# Bloatectomy
Bloatectomy: a method for the identification and removal of duplicate text in the bloated notes of electronic health records and other documents. Takes in a list of notes or a single file (.docx, .txt, .rtf, etc) or single string to be marked for duplicates. Marked output and tokens are output.
# Requirements
- Python>=3.7.x (in order for the regular expressions to work correctly)
- re
- sys
- pandas (optional, only necessary if using MIMIC III data)
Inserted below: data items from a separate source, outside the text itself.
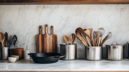 Discover a beautifully arranged kitchen setting featuring marble and wooden elements. This elegant display highlights cookware, utensils, and natural accents for a cozy vibe.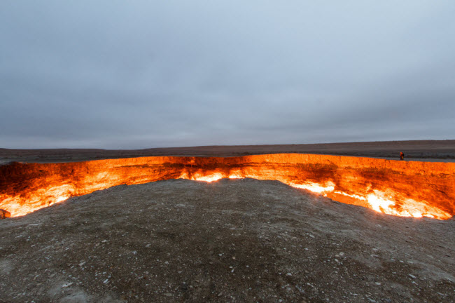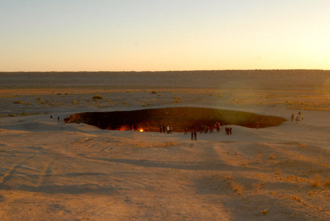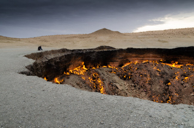 "Cổng địa ngục" của thế giới nằm ở đâu? Tại sao nơi này lại hấp dẫn khách du lịch đến vậy? Đó là hố Darvaza nằm giữa sa mạc khô cằn ở Turkmenistan.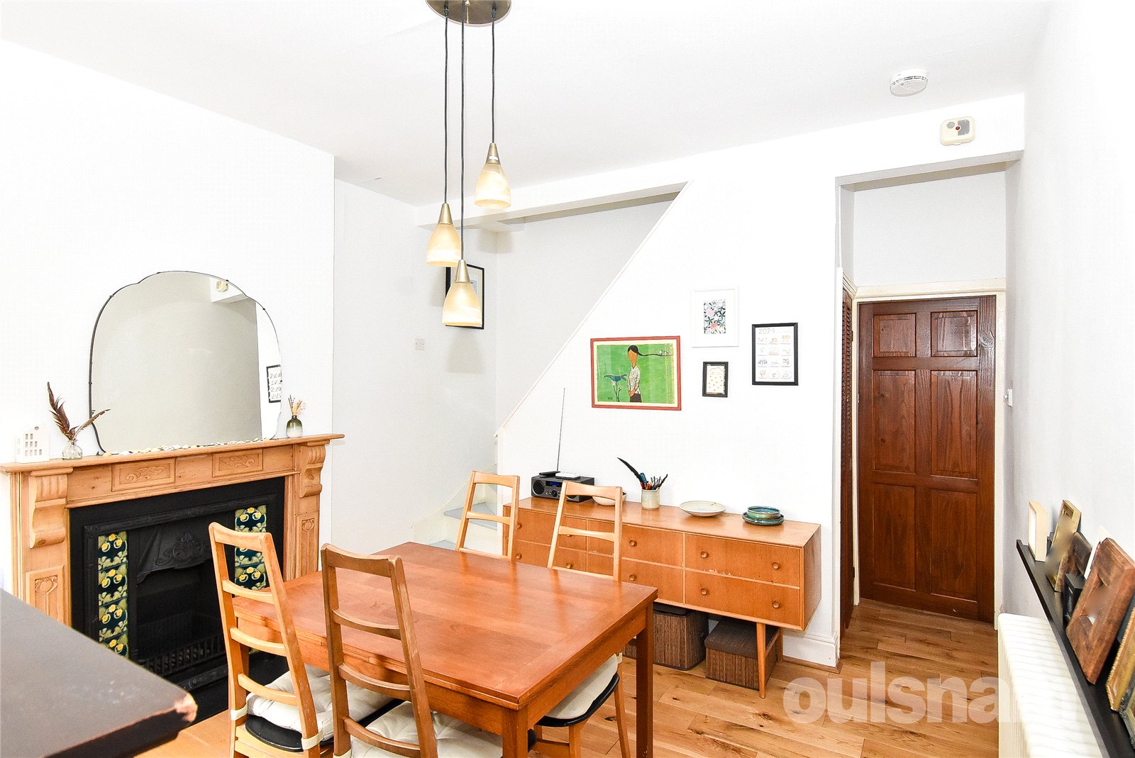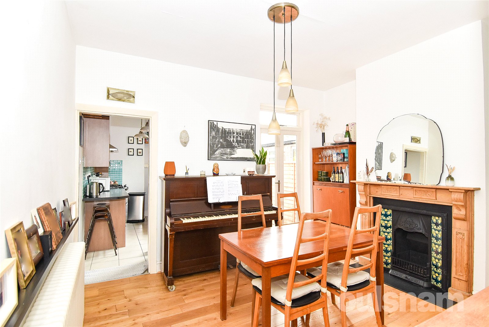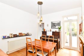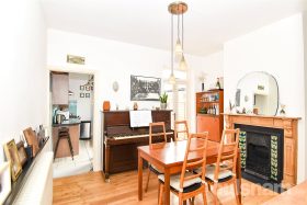 * The second reception room offers a versatile living space, featuring a staircase rising to the first floor and a characterful fireplace serving as a focal point. Patio doors open directly onto the rear garden, allowing for an abundance of natural light and a seamless connection to outdoor space, while the room also provides convenient access through to the kitchen.

- docx (optional, only necessary if input or output is a word/docx file)
# Installation
using anaconda or miniconda
```
conda install -c summerkrankin bloatectomy
```
using pip via PyPI
make sure to install it to python3 if your default is python2
```
python3 -m pip install bloatectomy
```
using pip via github
```
python3 -m pip install git+git://github.com/MIT-LCP/bloatectomy
```
manual install by cloning the repository
```
git clone git://github.com/MIT-LCP/bloatectomy
cd bloatectomy
python3 setup.py install
```
# Examples
To run bloatectomy on a sample string with the following options:
- highlighting duplicates
- display raw results
- output file as html
- output file of numbered tokens:
```
from bloatectomy import bloatectomy
text = '''Assessment and Plan
61 yo male Hep C cirrhosis
Abd pain:
-other labs: PT / PTT / INR:16.6// 1.5, CK / CKMB /
ICU Care
-other labs: PT / PTT / INR:16.6// 1.5, CK / CKMB /
Assessment and Plan
'''
bloatectomy(text, style='highlight', display=True, filename='sample_txt_highlight_output', output='html', output_numbered_tokens=True)
```
To use with example text or load ipynb examples, download the repository or just the bloatectomy_examples folder
```
cd bloatectomy_examples
from bloatectomy import bloatectomy
bloatectomy('./input/sample_text.txt',
style='highlight', display=False,
filename='./output/sample_txt_highlight_output',
output='html',
output_numbered_tokens=True,
output_original_tokens=True)
```
# Documentation
The paper is located at TBA
```
class bloatectomy(input_text,
path = '',
filename='bloatectomized_file',
display=False,
style='highlight',
output='html',
output_numbered_tokens=False,
output_original_tokens=False,
regex1=r"(.+?\.[\s\n]+)",
regex2=r"(?=\n\s*[A-Z1-9#-]+.*)",
postgres_engine=None,
postgres_table=None)
```
## Parameters
**input_text**: file, str, list
An input document (.txt, .rtf, .docx), a string of text, or list of hadm_ids for postgres mimiciii database or the raw text.
**style**: str, optional, default=`highlight`
Method for denoting a duplicate. The following are allowed: `highlight`, `bold`, `remov`.
**filename**: str, optional, default=`bloatectomized_file`
A string to name output file of the bloat-ectomized document.
**path**: str, optional, default=`' '`
The directory for output files.
**output_numbered_tokens**: bool, optional, default=`False`
If set to `True`, a .txt file with each token enumerated and marked for duplication, is output as `[filename]_token_numbers.txt`. This is useful when diagnosing your own regular expression for tokenization or testing the `remov` option for **style**.
**output_original_tokens**: bool, optional, default=`False`
If set to `True`, a .txt file with each original (non-marked) token enumerated but not marked for duplication, is output as `[filename]_original_token_numbers.txt`.
**display**: bool, optional, default=`False`
If set to `True`, the bloatectomized text will display in the console on completion.
**regex1**: str, optional, default=`r"(.+?\.[\s\n]+)"`
The regular expression for the first tokenization. Split on a period (.) followed by one or more white space characters (space, tab, line breaks) or a line feed character (`\n`). This can be replaced with any valid regular expression to change the way tokens are created.
**regex2**: str, optional, default=`r"(?=\n\s*[A-Z1-9#-]+.*)"`
The regular expression for the second tokenization. Split on any newline character (`\n`) followed by an uppercase letter, a number, or a dash. This can be replaced with any valid regular expression to change how sub-tokens are created.
**postgres_engine**: str, optional
The postgres connection. Only relevant for use with the MIMIC III dataset. When data is pulled from postgres the hadm_id of the file will be appended to the `filename` if set or the default `bloatectomized_file`. See the jupyter notebook [mimic_bloatectomy_example](./bloatectomy_examples/mimic_bloatectomy_example.ipynb) for the example code.
**postgres_table**: str, optional
The name of the postgres table containing the concatenated notes. Only relevant for use with the MIMIC III dataset. When data is pulled from postgres the hadm_id of the file will be appended to the `filename` if set or the default `bloatectomized_file`. See the jupyter notebook [mimic_bloatectomy_example](./bloatectomy_examples/mimic_bloatectomy_example.ipynb) for the example code.